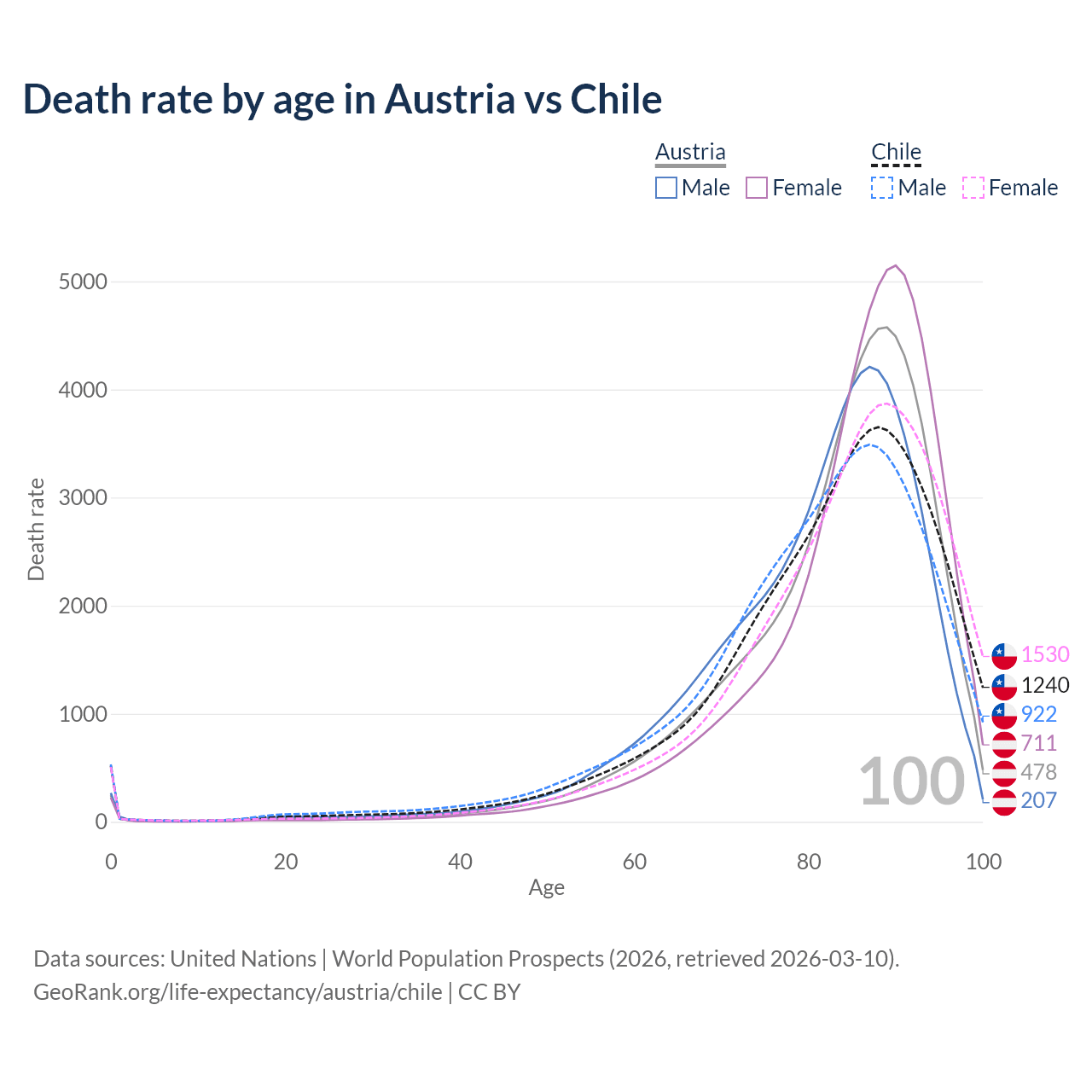 In Austria, the most common age of death is 89, compared to 88 in Chile. The median age of death is 85.6 in Austria and 84.8 in Chile, meaning only half of each cohort is expected to live past that age.
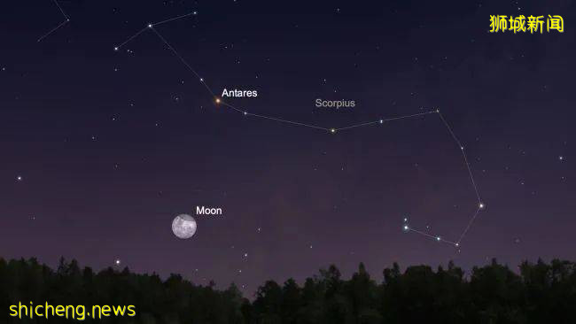 今年的草莓月亮将接近天蝎座星座中,明亮的恒星安塔雷斯。Antares是一个红色的巨型星球,大约是太阳的大小的12倍,肉眼看起来是红色的,这预计也将让今年草莓月亮的颜色更加独特。
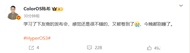 8月28日,小米澎湃OS 3发布会今日正式召开。随后ColorOS设计总监陈希发文表示“感觉还是很不错的,又被卷到了,今晚都别睡了。”
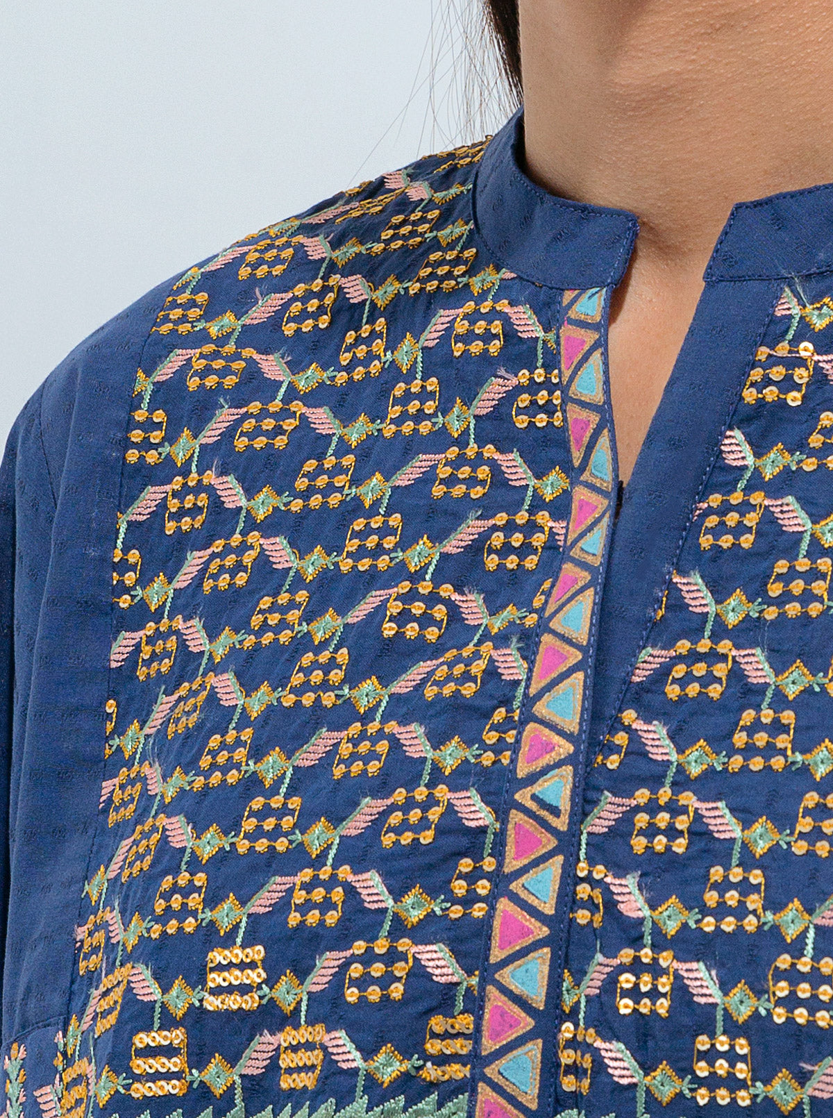 Band collar neckline with multi colored embroidery on front bodice and panels. Screen printed border on placket and sleeves paired with a matching embroidered pant. Fabric: Textured Cotton What You'll Get: Shirt+Pant Fit: Loose Fit Size & Fit: Model Height is 5'4"
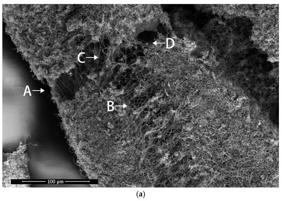 Figure 12a is a tear diagram of the helical carbon fiber skeleton; the growth current condition of the sample is 2.7 A. It can be observed that there are carbon fiber links in the form of nearly straight lines at both ends of the fracture, and the carbon fibers are stretched at A, B, C and D in the figure.

-*-*-

## WHAT YOU NEED TO DO:
Set aside the pictures. Then return every line of the material above verbatim.

## ANSWER FOR THE TASK:
 In Austria, the most common age of death is 89, compared to 88 in Chile. The median age of death is 85.6 in Austria and 84.8 in Chile, meaning only half of each cohort is expected to live past that age.
 今年的草莓月亮将接近天蝎座星座中,明亮的恒星安塔雷斯。Antares是一个红色的巨型星球,大约是太阳的大小的12倍,肉眼看起来是红色的,这预计也将让今年草莓月亮的颜色更加独特。
 8月28日,小米澎湃OS 3发布会今日正式召开。随后ColorOS设计总监陈希发文表示“感觉还是很不错的,又被卷到了,今晚都别睡了。”
 Band collar neckline with multi colored embroidery on front bodice and panels. Screen printed border on placket and sleeves paired with a matching embroidered pant. Fabric: Textured Cotton What You'll Get: Shirt+Pant Fit: Loose Fit Size & Fit: Model Height is 5'4"
 Figure 12a is a tear diagram of the helical carbon fiber skeleton; the growth current condition of the sample is 2.7 A. It can be observed that there are carbon fiber links in the form of nearly straight lines at both ends of the fracture, and the carbon fibers are stretched at A, B, C and D in the figure.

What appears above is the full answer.